Much of the world, even including the Soviet Union, agreed with the U.S. demands for the 52 captured diplomats to be released. Washington imposed financial sanctions on Iran, including a freeze on their assets in U.S. banks; the hostages were finally released but only to the incoming Reagan administration. 

Reagan spoke of more cooperative U.S.-Iranian relations, and eventually settled on a questionably legal scheme to seek Iranian help in freeing other U.S. hostages, including the CIA station chief in Lebanon. This became known as the Iran-Contra Affair, a failed attempt featuring the covert offer of U.S. arms to Iran, despite the 1979 sanctions, in return for money to fund “Contras” (rebels) to overthrow leftist Central American governments.

During the decade-long Iran-Iraq border war of the 1980s, the Iranians turned to, of all countries, Israel for needed U.S. military equipment, despite having labeled Israel, along with the U.S. and Soviet Union, as “Great Satans.” In 1988 the U.S. naval cruiser Vincennes mistakenly shot down an Iranian civilian airliner, killing 290 passengers. 

Iranian troops march at a military parade marking 39th anniversary of outset of Iran-Iraq war, in front of the shrine of the late revolutionary founder Ayatollah Khomeini, just outside Tehran, Iran, Sunday, Sept. 22, 2019.

Washington’s Iraqi invasion in 2003 brought Shi’a political parties to power in Iraq, and resulted in a prolonged anti-American insurgency composed mostly of Sunni militants; some Shi’a militia, several with ties to Tehran, also harassed American forces. A region-wide Iranian-Saudi rivalry also ensued.

Arguably, Iraq would not exist as a separate country today without Iran's involvement in the anti-ISIS fight during the Obama administration.

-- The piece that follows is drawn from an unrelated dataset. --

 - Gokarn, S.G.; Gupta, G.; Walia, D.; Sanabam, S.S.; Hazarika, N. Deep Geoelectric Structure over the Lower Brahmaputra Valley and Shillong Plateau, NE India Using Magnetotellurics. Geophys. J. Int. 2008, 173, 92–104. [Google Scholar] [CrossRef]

Additionally, given Saddam Hussein's overthrow by the U.S., it is not surprising that Iran, fearing “regime change” efforts, began in 2005 to develop its own nuclear weapon research, alarming a number of countries. 

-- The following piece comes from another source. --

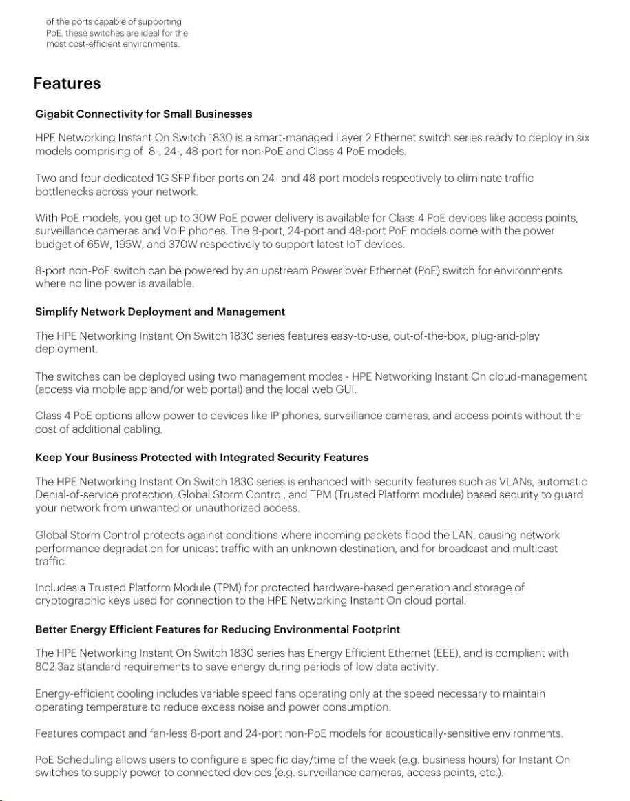 Aruba Instant On 1830 48G 24p Class4 PoE 4SFP 370W Switch

Although responses ranging from preemptive military strikes to diplomatic sanctions or negotiations were considered, Washington finally concluded a six-country agreement, including NATO partners, Russia and Iran, to suspend Tehran’s weapons grade uranium processing for at least 10 years in return for an easing of economic and commercial sanctions, including a return of funds impounded in 1979.

An Iraqi soldier stands guard as smoke rises from a fire set by pro-Iranian militiamen and their supporters in the U.S. embassy compound, Baghdad, Iraq, Wednesday, Jan. 1, 2020.

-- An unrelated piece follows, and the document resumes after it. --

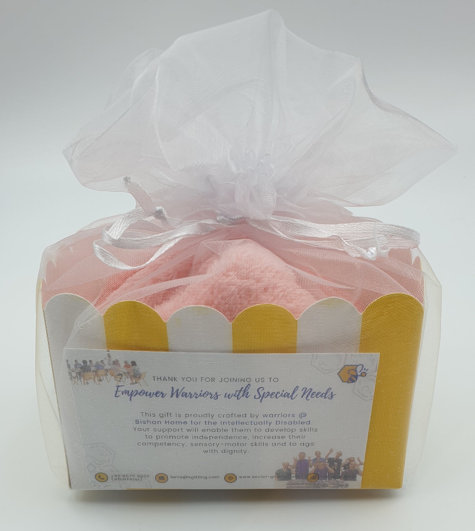 This gift is proudly crafted by warriors @ Bishan Home for the Intellectually Disabled. Social Gifting partners Bishan Home by providing weekly crafting sessions to keep them engaged & improve their fine motor skills. Your support will help enable them to increase their competency and age with dignity.

One of the Trump administration’s first acts, however, was to withdraw from the agreement, blaming President Barack Obama for this “bad deal.” The other parties resolved to remain in the pact, until Tehran suspended all participation when a U.S. drone killed Iranian General Qassem Soleimani, whose forces had attacked some U.S. outposts, in early January 2020.   

The up-and-down U.S.-Iranian relationship, at times teetering on the brink of war, is highly complicated and fraught with historical memories; it cannot be characterized simply as black and white/good and evil. Recent developments indicate that with the crackdown on Iran and its militias, as well as Washington’s blow to Kurdish forces in Syria with the green light to Turkish occupation of their zones, the U.S. has essentially weakened the two most effective anti-ISIS forces, while stirring up massive anti-American popular responses in Iran, Iraq and Yemen.  

Frederic S. Pearson, is a professor of political science and the director of the Center for Peace and Conflict Studies at Wayne State University.